Gonzalez’s study, which included researchers from universities like Harvard University, the University of California, Los Angeles and the University of Michigan, looked at discreet ethnic subgroups, which he said hadn’t been done before.


“I think that’s a good question why folks haven’t looked at subgroups, Latinos in particular,” he said. “That’s where we found the most interesting findings, because what we’ve seen in the past is that when you compare Latinos as a group to whites, they look about the same.”


This happens because not all Latino groups get the same depression treatment. For example, Gonzalez said, Puerto Ricans in the study had better treatment rates than whites.


“So, if you average them up together they look about the same. You break them out and you get to see the important differences,” he said. “It really makes no sense to lump people together.”


The purpose of the study was to understand who is getting adequate major depression care, who is not getting the care and how to fix the division.


“Pretty straightforward,” Gonzalez said. “Nothing fancy.”


In addition to the low numbers receiving care, researchers found new information on treatment method trends.


“I was very surprised … that antidepressant use was lower than psychotherapy use,”

Gonzalez said. “What was interesting, too, but not surprising, was that the psychotherapy use among African-Americans and Mexican-Americans, in particular, was proportionally higher than it was for whites.”


In general, people in the study did not prefer prescription psychotropic or mind-altering drugs — including antidepressants.


“We didn’t know what the distributions were in the U.S. between psychotherapy use and antidepressant use among people with depression,” Gonzalez said.


Results showing psychotherapy being used alone to treat depression worries clinical psychologists, like Gonzalez, that people are not getting the proper care.


“People say disparities, disparities, disparities,” he said. “That was another objective: try to define disparities. And, yes, we did, as opposed to other studies that say disparities without being careful about how they define those terms.”


Gonzalez said that the Institute of Medicine defines disparities as differences that are due to access to care, called enabling factors, not preferences. In the study, these enabling factors such as income, education and health insurance did not explain the disparities.


“What seems to be the driving difference is ethnic racial differences,” he said. “It’s to say that maybe there are some communication problems or cultural differences that contribute to under-diagnosis and under-treatment.”


A part of these differences is the weighty stigma often attached to depression.

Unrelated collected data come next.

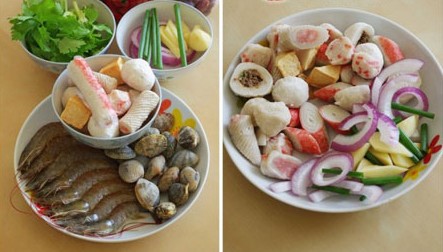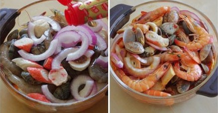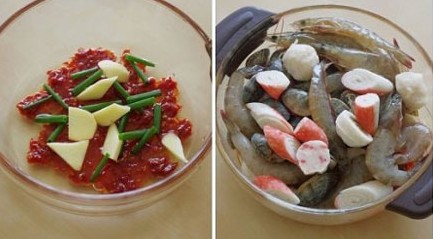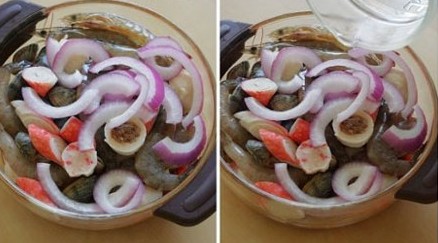 3、充分?jǐn)噭蚝,加入姜片和蔥段; 4、加入蝦、蛤及各式魚(yú)丸、蟹棒; 5、表面撒上切好的洋蔥絲; 6、加水,至全部食材的1/3處;
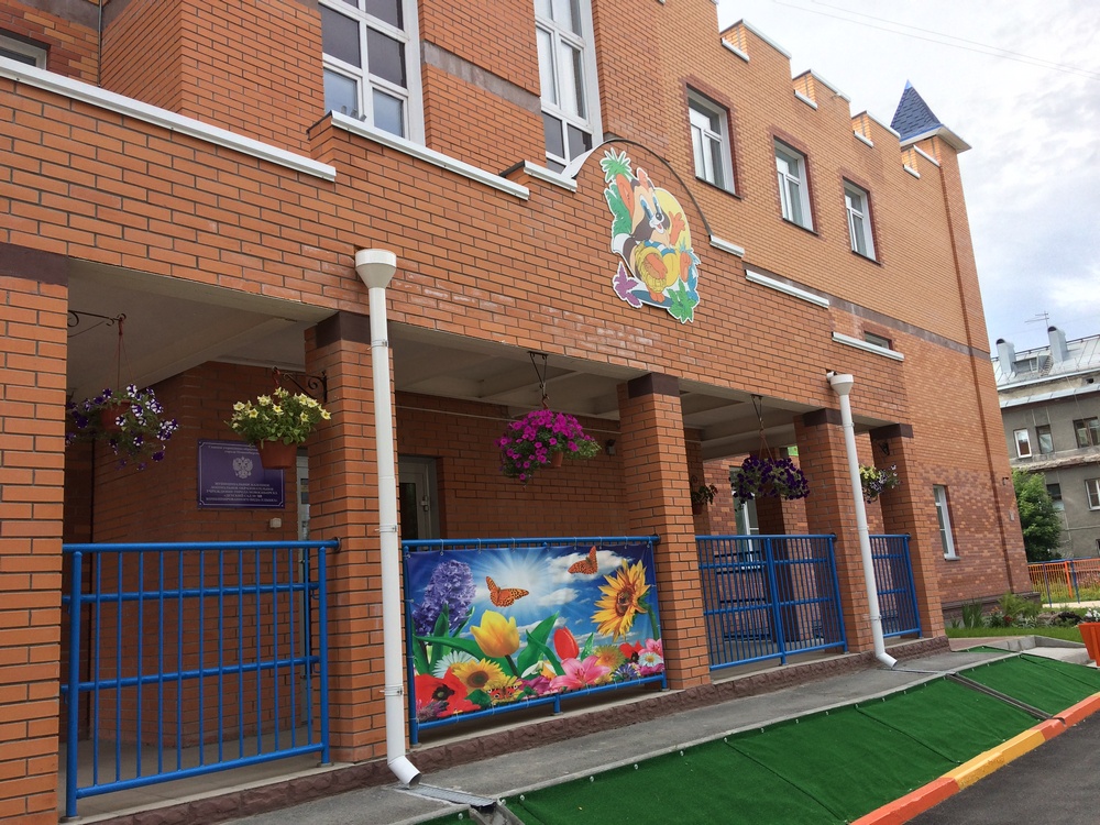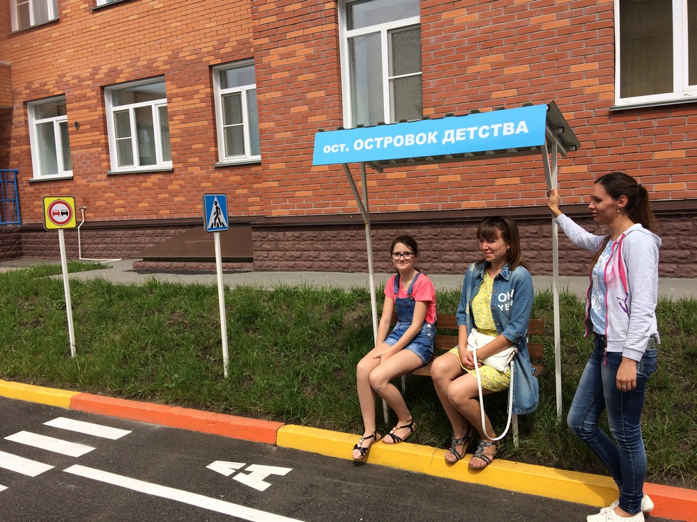 На остановочном павильоне надпись: «Ост. Островок детства». И, действительно, среди приземистых жилых домов 40-60-х годов постройки яркий солнечный детский сад № 105 «Улыбка» появился внезапно, как оазис, как цветущий остров среди серых скал.
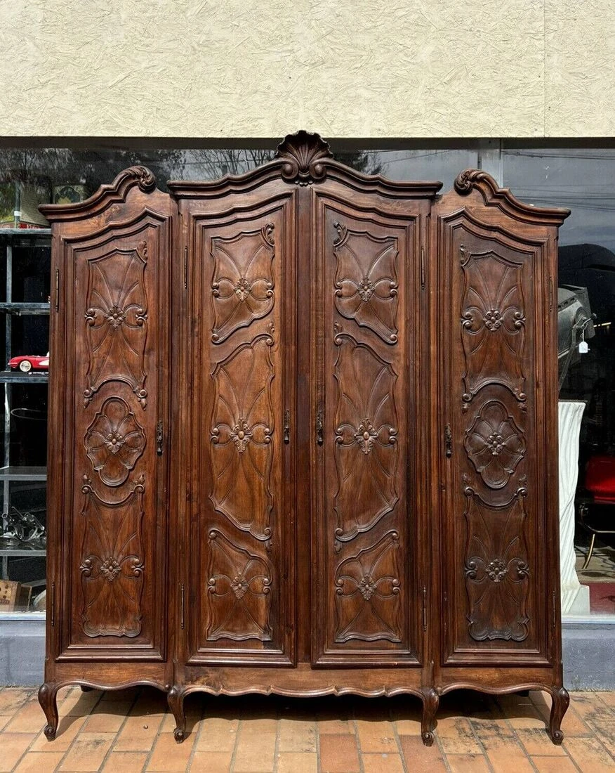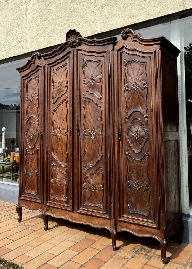 Louis XV style wardrobe in solid walnut circa 1880-1900.
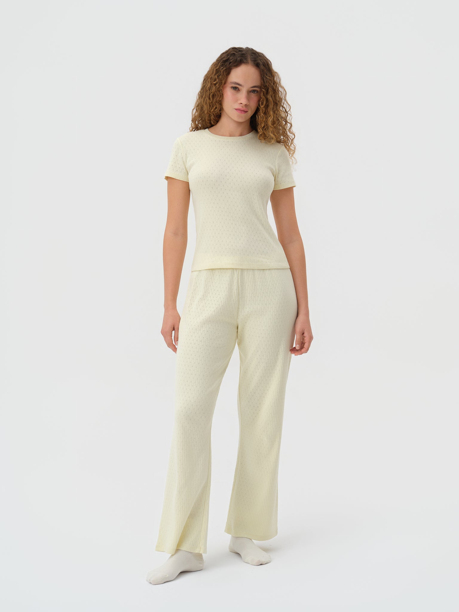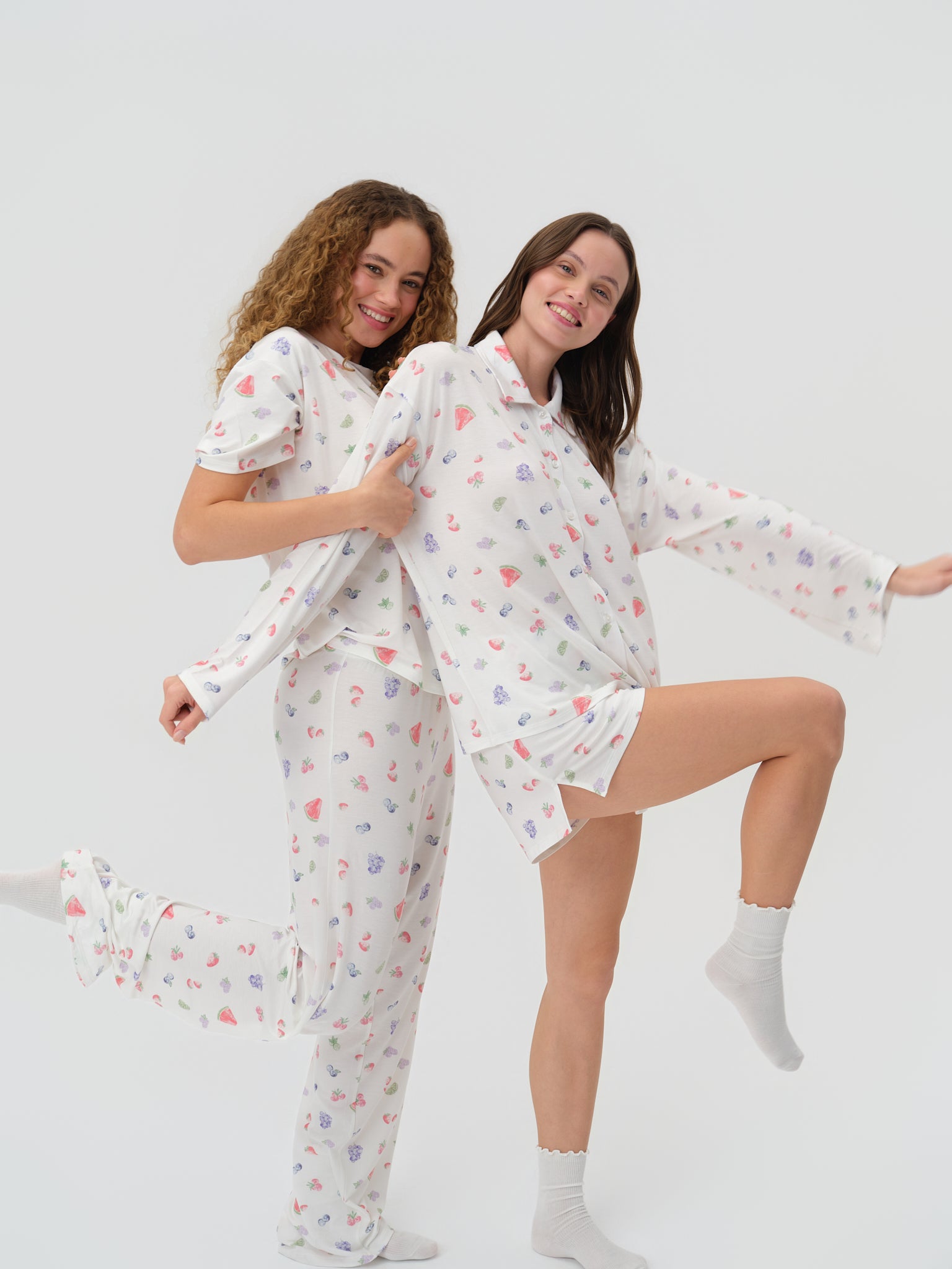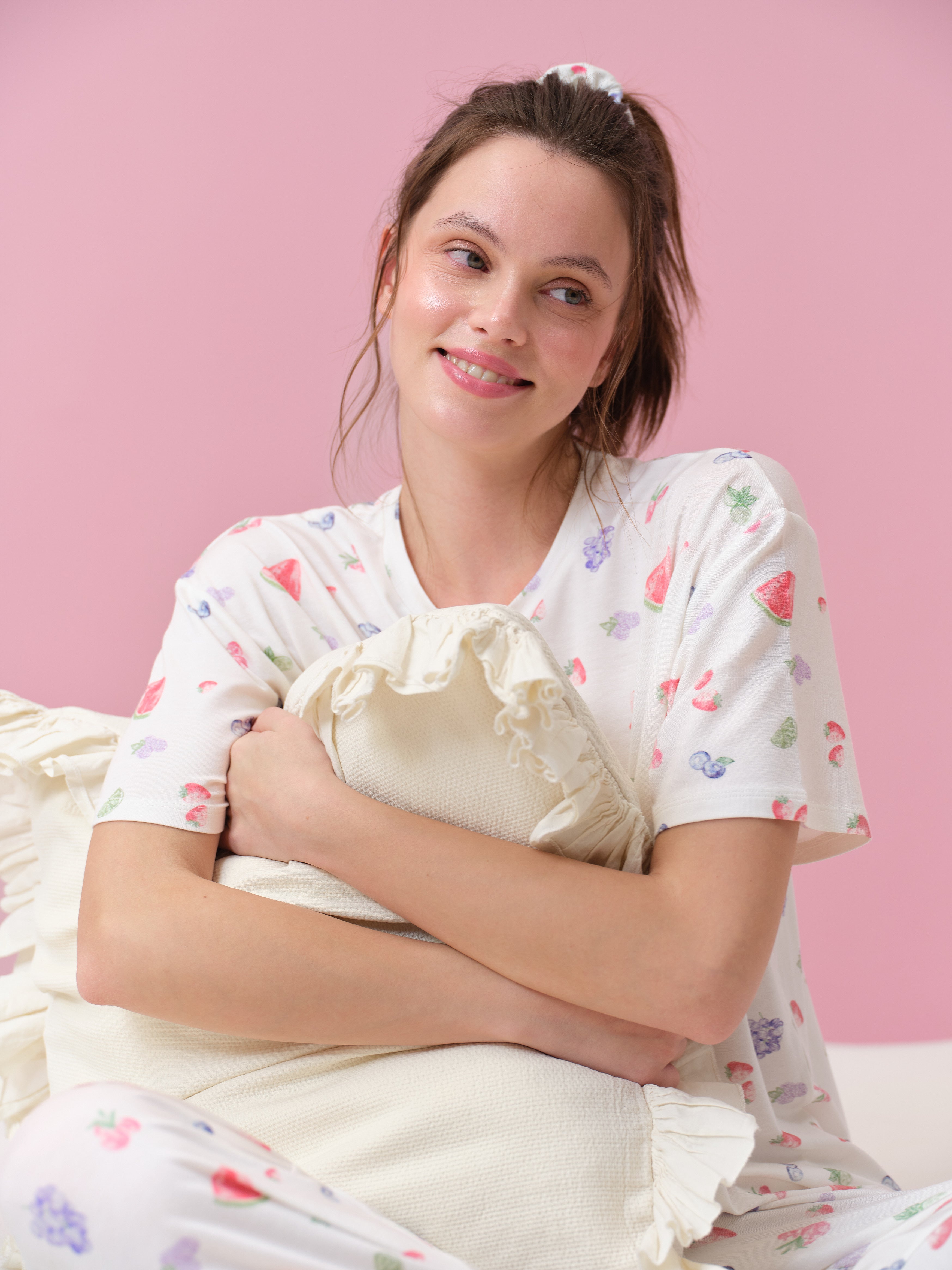 Pamuk ve lyocell içeren kumaşlarımız, nefes alan dokularıyla gün boyu konfor ve serinlik hissi sunar. Bu sayede ürünlerimiz yalnızca evde değil, şehir yaşamında da zarif bir rahatlık sağlar.

“I think that explains some of it. And that’s really hard to fix,” Gonzalez said. “But I think really the crux of the issue is the healthcare system. That’s something we can fix.”


Gonzalez said the behavioral-health system is not integrated well into general medicine, which is part one of the solution to reduce hurdles to healthcare. The healthcare structures are much easier to fix than attitudes, he said.


President Barack Obama’s health care plan promises to do just that: reform the health care structure by providing affordable and accessible healthcare to all.


“Is that the solution?” Gonzalez asked.  “I think that’s a good step in the right direction.”
He said it’s always important to look at demographic shifts, whether you’re in the business of shoes, cars or healthcare. He said U.S. census results show that from 2000 to 2008 the Latino population grew from 14 to 16 percent.


“I think my research will be useful,” he said. “And I think this is the main point that let’s be ready for what’s going to happen in the coming years.”


There isn’t a focus on Latino health at WSU now, Gonzalez said, but it will be necessary if they want to look to the future of healthcare.


“If they don’t they’ll be caught off guard just like the rest of the country will be caught off guard,” he said. “If we want to maintain a healthy population let’s start planning for the future. And the future is the Latinization, as folks have called it, of America. Plain and simple.”